Task instructions = Copy without pictures. Please restate each line of the listing exactly.

Data provided =
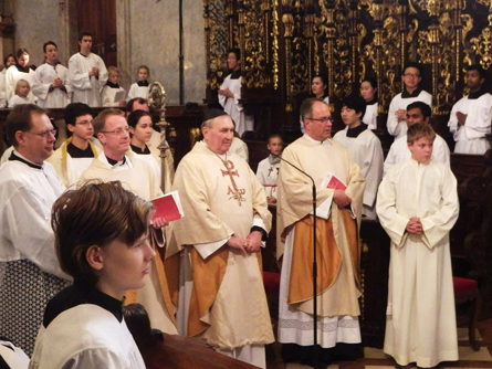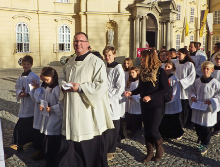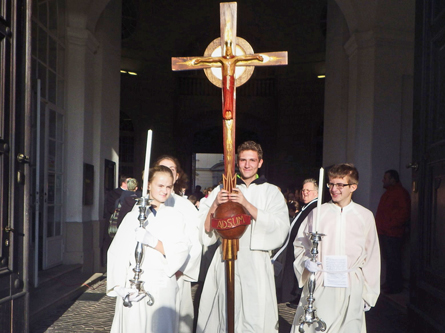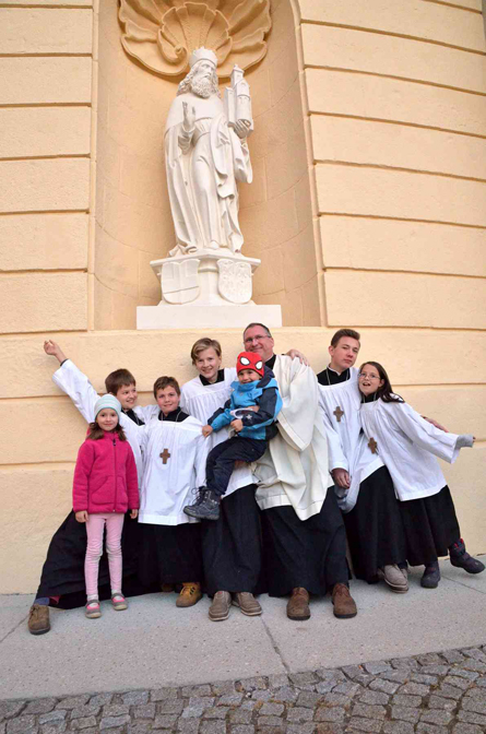 Samstag, der 14. November 2015, ein strahlend schöner Spätherbsttag. 700 Ministrantinnen und Ministranten strömten zur Wallfahrt in die Stiftskirche von Klosterneuburg. Darunter auch eine Abordnung aus Neustift: Julia, Moritz, Gabriel, Simon, Peter und Oberministrant Thomas Natschläger. Hinter dem Prozessionskreuz zog die Schar der jungen Messdienerinnen und Messdiener zum Festgottesdienst mit Propst Maximilian Fürnsinn aus dem Stift Herzogenburg in die Stiftsbasilika. Für das richtige Schätzen des Gewichtes des Prozessionskreuzes gab es Gratisjetons für den Leopoldiprater zu gewinnen. Die Neustifter gingen leider leer aus, gab Thomas Natschläger mit 5,5 kg leider die geringste Schätzung aller für das 9,4 kg schwere Vortragekreuz ab. In der Kirche durften unsere Minis ganz vorne im Chorgestühl Platz nehmen und waren damit hautnah am Geschehen. Fröhliche Stimmung herrschte beim abschließenden Fasslrutschen und beim Leopoldiprater.
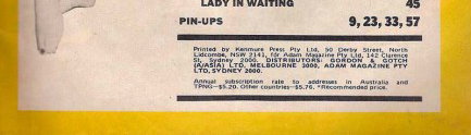 Printed by Kenmure Press Pty Ltd, Derby and Wetherill Streets, North Lidcombe, NSW for Adam Magazine Pty Ltd, 142 Clarence Street. Produced by The K. G. Murray Publishing Company Pty. Ltd., Sydney. Distributors: Gordon & Gotch (A/sia) Ltd., Melbourne. Adam Magazine Pty Ltd, Sydney.
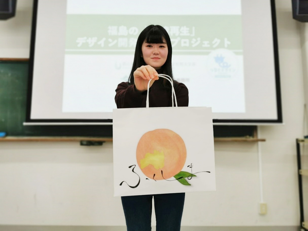 私は福島の食べ物を中心にデザインしました。郡山に農家をやっている祖母がいまして、風評被害で全然お米も野菜も売れないし、とっても苦労したという話を前々から聞いていたので、絶対に食べ物を中心にデザインしようと思いました。私は桃が一番最初に思い浮かんだので、今回は桃を中心にデザインしました。
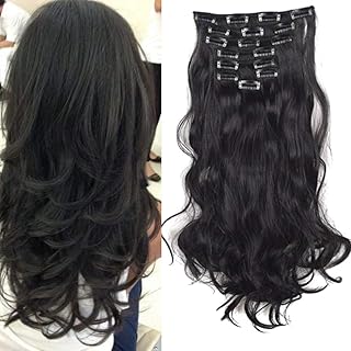 Cybelleza Clip in Extensions Haarverlängerung Haarteil wie Echthaar 8 Tressen Gewellt Günstig Haarverdichtung Synthetische Haare (Schwarz)

Solution for this task =
 Samstag, der 14. November 2015, ein strahlend schöner Spätherbsttag. 700 Ministrantinnen und Ministranten strömten zur Wallfahrt in die Stiftskirche von Klosterneuburg. Darunter auch eine Abordnung aus Neustift: Julia, Moritz, Gabriel, Simon, Peter und Oberministrant Thomas Natschläger. Hinter dem Prozessionskreuz zog die Schar der jungen Messdienerinnen und Messdiener zum Festgottesdienst mit Propst Maximilian Fürnsinn aus dem Stift Herzogenburg in die Stiftsbasilika. Für das richtige Schätzen des Gewichtes des Prozessionskreuzes gab es Gratisjetons für den Leopoldiprater zu gewinnen. Die Neustifter gingen leider leer aus, gab Thomas Natschläger mit 5,5 kg leider die geringste Schätzung aller für das 9,4 kg schwere Vortragekreuz ab. In der Kirche durften unsere Minis ganz vorne im Chorgestühl Platz nehmen und waren damit hautnah am Geschehen. Fröhliche Stimmung herrschte beim abschließenden Fasslrutschen und beim Leopoldiprater.
 Printed by Kenmure Press Pty Ltd, Derby and Wetherill Streets, North Lidcombe, NSW for Adam Magazine Pty Ltd, 142 Clarence Street. Produced by The K. G. Murray Publishing Company Pty. Ltd., Sydney. Distributors: Gordon & Gotch (A/sia) Ltd., Melbourne. Adam Magazine Pty Ltd, Sydney.
 私は福島の食べ物を中心にデザインしました。郡山に農家をやっている祖母がいまして、風評被害で全然お米も野菜も売れないし、とっても苦労したという話を前々から聞いていたので、絶対に食べ物を中心にデザインしようと思いました。私は桃が一番最初に思い浮かんだので、今回は桃を中心にデザインしました。
 Cybelleza Clip in Extensions Haarverlängerung Haarteil wie Echthaar 8 Tressen Gewellt Günstig Haarverdichtung Synthetische Haare (Schwarz)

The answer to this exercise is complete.